Assignment – Look through the data below for the line with "Im Grimsel Hospiz" and the line with "Die Bonnie Baan", then transcribe exactly from the first through the second, leaving out all pictures.
-- Exercise input follows --
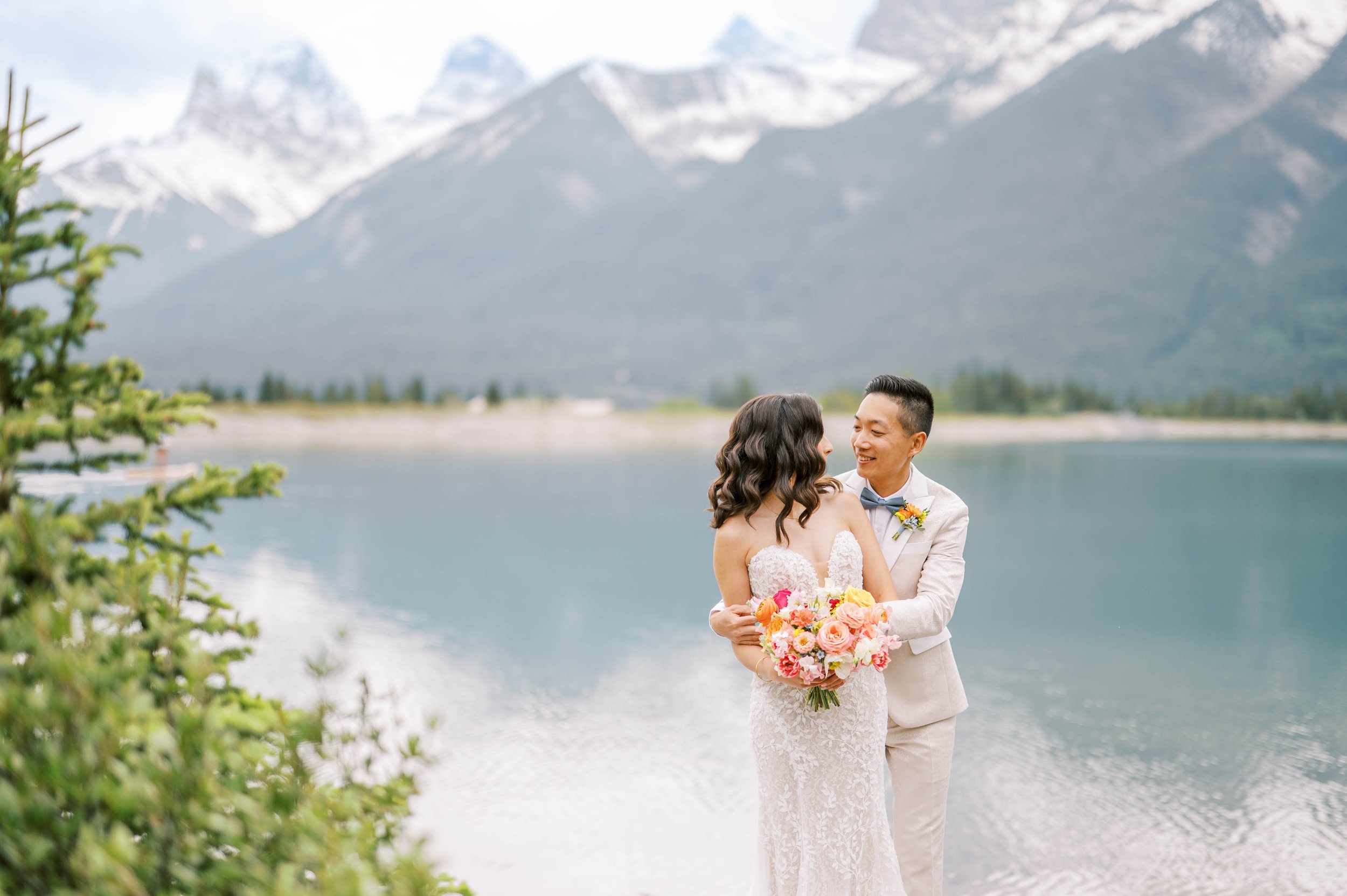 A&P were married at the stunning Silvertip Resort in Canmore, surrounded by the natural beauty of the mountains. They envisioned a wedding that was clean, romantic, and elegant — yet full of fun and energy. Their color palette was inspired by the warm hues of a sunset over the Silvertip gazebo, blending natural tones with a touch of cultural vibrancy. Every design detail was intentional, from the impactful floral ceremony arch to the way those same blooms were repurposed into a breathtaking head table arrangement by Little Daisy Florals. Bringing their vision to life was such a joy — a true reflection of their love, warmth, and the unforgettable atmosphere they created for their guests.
-- Exercise input concluded --
-- Exercise input follows --
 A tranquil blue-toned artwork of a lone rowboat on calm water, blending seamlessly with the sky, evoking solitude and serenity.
-- Exercise input concluded --
-- Exercise input follows --
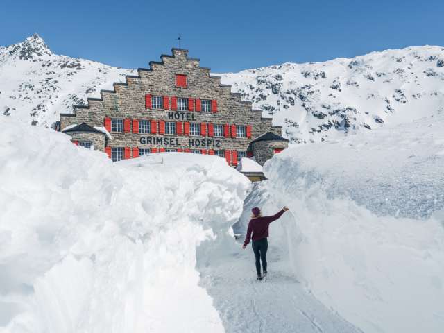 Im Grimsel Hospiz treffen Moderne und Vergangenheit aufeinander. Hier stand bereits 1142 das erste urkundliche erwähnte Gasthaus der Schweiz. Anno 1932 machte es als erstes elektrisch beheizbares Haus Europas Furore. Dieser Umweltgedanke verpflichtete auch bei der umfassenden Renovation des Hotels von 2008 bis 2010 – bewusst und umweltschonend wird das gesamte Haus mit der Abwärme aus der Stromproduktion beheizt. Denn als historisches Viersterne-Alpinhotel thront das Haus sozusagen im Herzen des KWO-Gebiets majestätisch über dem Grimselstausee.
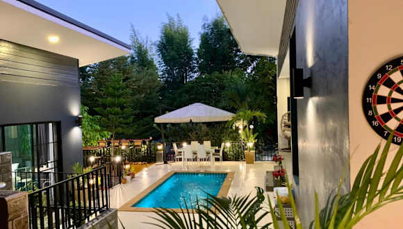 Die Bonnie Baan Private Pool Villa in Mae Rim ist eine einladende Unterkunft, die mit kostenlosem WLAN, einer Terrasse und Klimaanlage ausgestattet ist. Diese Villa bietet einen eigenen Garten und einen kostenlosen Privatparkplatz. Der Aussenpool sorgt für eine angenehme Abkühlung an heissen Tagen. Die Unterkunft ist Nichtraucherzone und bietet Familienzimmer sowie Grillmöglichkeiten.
-- Exercise input concluded --
Written reply –
 Im Grimsel Hospiz treffen Moderne und Vergangenheit aufeinander. Hier stand bereits 1142 das erste urkundliche erwähnte Gasthaus der Schweiz. Anno 1932 machte es als erstes elektrisch beheizbares Haus Europas Furore. Dieser Umweltgedanke verpflichtete auch bei der umfassenden Renovation des Hotels von 2008 bis 2010 – bewusst und umweltschonend wird das gesamte Haus mit der Abwärme aus der Stromproduktion beheizt. Denn als historisches Viersterne-Alpinhotel thront das Haus sozusagen im Herzen des KWO-Gebiets majestätisch über dem Grimselstausee.
 Die Bonnie Baan Private Pool Villa in Mae Rim ist eine einladende Unterkunft, die mit kostenlosem WLAN, einer Terrasse und Klimaanlage ausgestattet ist. Diese Villa bietet einen eigenen Garten und einen kostenlosen Privatparkplatz. Der Aussenpool sorgt für eine angenehme Abkühlung an heissen Tagen. Die Unterkunft ist Nichtraucherzone und bietet Familienzimmer sowie Grillmöglichkeiten.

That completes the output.